[Information supplied Boundary: Start]

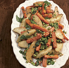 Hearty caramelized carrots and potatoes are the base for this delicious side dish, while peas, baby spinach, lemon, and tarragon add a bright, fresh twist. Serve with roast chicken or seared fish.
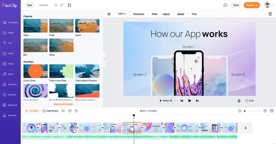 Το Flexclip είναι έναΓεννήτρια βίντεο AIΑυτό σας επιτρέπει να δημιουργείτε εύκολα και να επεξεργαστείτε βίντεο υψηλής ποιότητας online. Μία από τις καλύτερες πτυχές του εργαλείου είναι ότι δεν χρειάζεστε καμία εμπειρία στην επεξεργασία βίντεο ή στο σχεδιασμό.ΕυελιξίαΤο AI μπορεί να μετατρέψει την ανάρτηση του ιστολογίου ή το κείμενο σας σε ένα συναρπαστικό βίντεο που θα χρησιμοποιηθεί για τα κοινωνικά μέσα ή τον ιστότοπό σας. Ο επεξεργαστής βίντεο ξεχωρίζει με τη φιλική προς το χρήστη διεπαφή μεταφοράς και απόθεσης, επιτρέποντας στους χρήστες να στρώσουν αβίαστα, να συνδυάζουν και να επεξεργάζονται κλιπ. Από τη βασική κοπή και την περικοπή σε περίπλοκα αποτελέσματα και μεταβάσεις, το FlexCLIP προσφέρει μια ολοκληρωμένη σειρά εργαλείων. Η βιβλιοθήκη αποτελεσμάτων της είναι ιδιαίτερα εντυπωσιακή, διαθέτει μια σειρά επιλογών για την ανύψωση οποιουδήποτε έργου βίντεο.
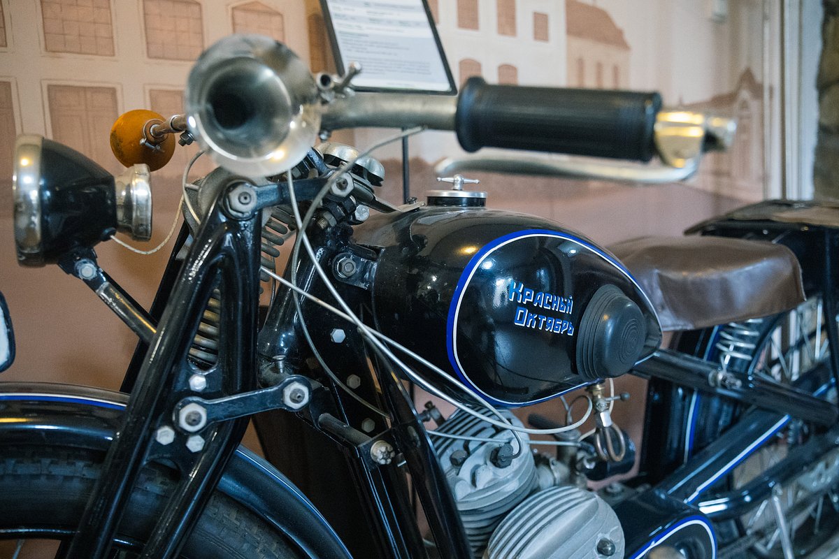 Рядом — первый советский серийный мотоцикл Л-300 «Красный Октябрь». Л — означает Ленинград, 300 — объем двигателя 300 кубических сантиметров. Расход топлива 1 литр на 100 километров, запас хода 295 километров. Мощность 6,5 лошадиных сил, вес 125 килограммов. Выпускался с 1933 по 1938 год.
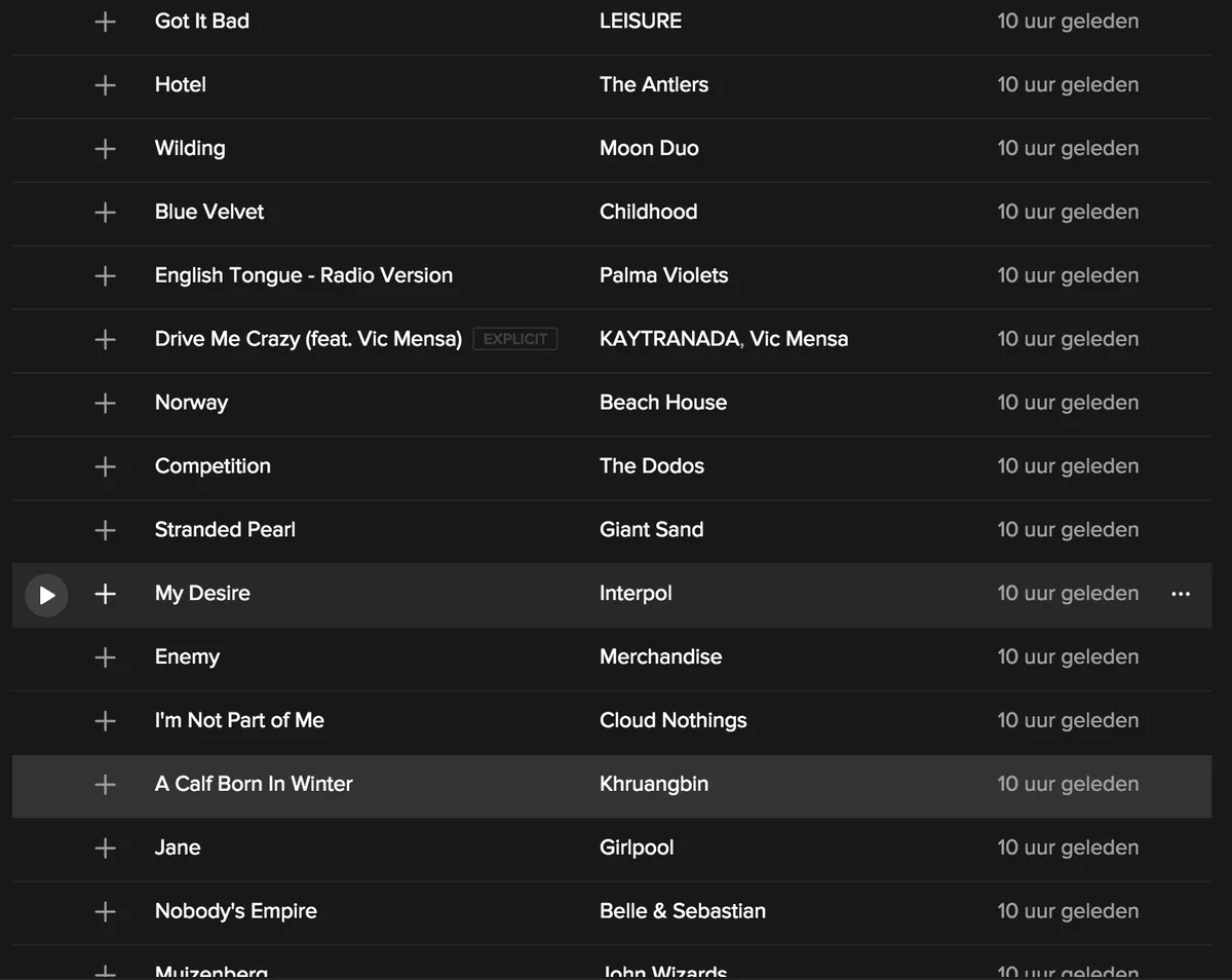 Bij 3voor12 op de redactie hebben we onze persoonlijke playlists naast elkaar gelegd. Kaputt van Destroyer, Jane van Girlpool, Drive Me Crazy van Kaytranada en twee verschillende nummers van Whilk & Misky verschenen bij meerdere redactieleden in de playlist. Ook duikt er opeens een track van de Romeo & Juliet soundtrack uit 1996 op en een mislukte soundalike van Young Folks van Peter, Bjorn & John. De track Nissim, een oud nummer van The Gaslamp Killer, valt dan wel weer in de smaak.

[Information supplied Boundary: End]

> [Task goal]: Please write every line above out exactly as given, except for any pictures.

> [Response to this exercise]:
 Hearty caramelized carrots and potatoes are the base for this delicious side dish, while peas, baby spinach, lemon, and tarragon add a bright, fresh twist. Serve with roast chicken or seared fish.
 Το Flexclip είναι έναΓεννήτρια βίντεο AIΑυτό σας επιτρέπει να δημιουργείτε εύκολα και να επεξεργαστείτε βίντεο υψηλής ποιότητας online. Μία από τις καλύτερες πτυχές του εργαλείου είναι ότι δεν χρειάζεστε καμία εμπειρία στην επεξεργασία βίντεο ή στο σχεδιασμό.ΕυελιξίαΤο AI μπορεί να μετατρέψει την ανάρτηση του ιστολογίου ή το κείμενο σας σε ένα συναρπαστικό βίντεο που θα χρησιμοποιηθεί για τα κοινωνικά μέσα ή τον ιστότοπό σας. Ο επεξεργαστής βίντεο ξεχωρίζει με τη φιλική προς το χρήστη διεπαφή μεταφοράς και απόθεσης, επιτρέποντας στους χρήστες να στρώσουν αβίαστα, να συνδυάζουν και να επεξεργάζονται κλιπ. Από τη βασική κοπή και την περικοπή σε περίπλοκα αποτελέσματα και μεταβάσεις, το FlexCLIP προσφέρει μια ολοκληρωμένη σειρά εργαλείων. Η βιβλιοθήκη αποτελεσμάτων της είναι ιδιαίτερα εντυπωσιακή, διαθέτει μια σειρά επιλογών για την ανύψωση οποιουδήποτε έργου βίντεο.
 Рядом — первый советский серийный мотоцикл Л-300 «Красный Октябрь». Л — означает Ленинград, 300 — объем двигателя 300 кубических сантиметров. Расход топлива 1 литр на 100 километров, запас хода 295 километров. Мощность 6,5 лошадиных сил, вес 125 килограммов. Выпускался с 1933 по 1938 год.
 Bij 3voor12 op de redactie hebben we onze persoonlijke playlists naast elkaar gelegd. Kaputt van Destroyer, Jane van Girlpool, Drive Me Crazy van Kaytranada en twee verschillende nummers van Whilk & Misky verschenen bij meerdere redactieleden in de playlist. Ook duikt er opeens een track van de Romeo & Juliet soundtrack uit 1996 op en een mislukte soundalike van Young Folks van Peter, Bjorn & John. De track Nissim, een oud nummer van The Gaslamp Killer, valt dan wel weer in de smaak.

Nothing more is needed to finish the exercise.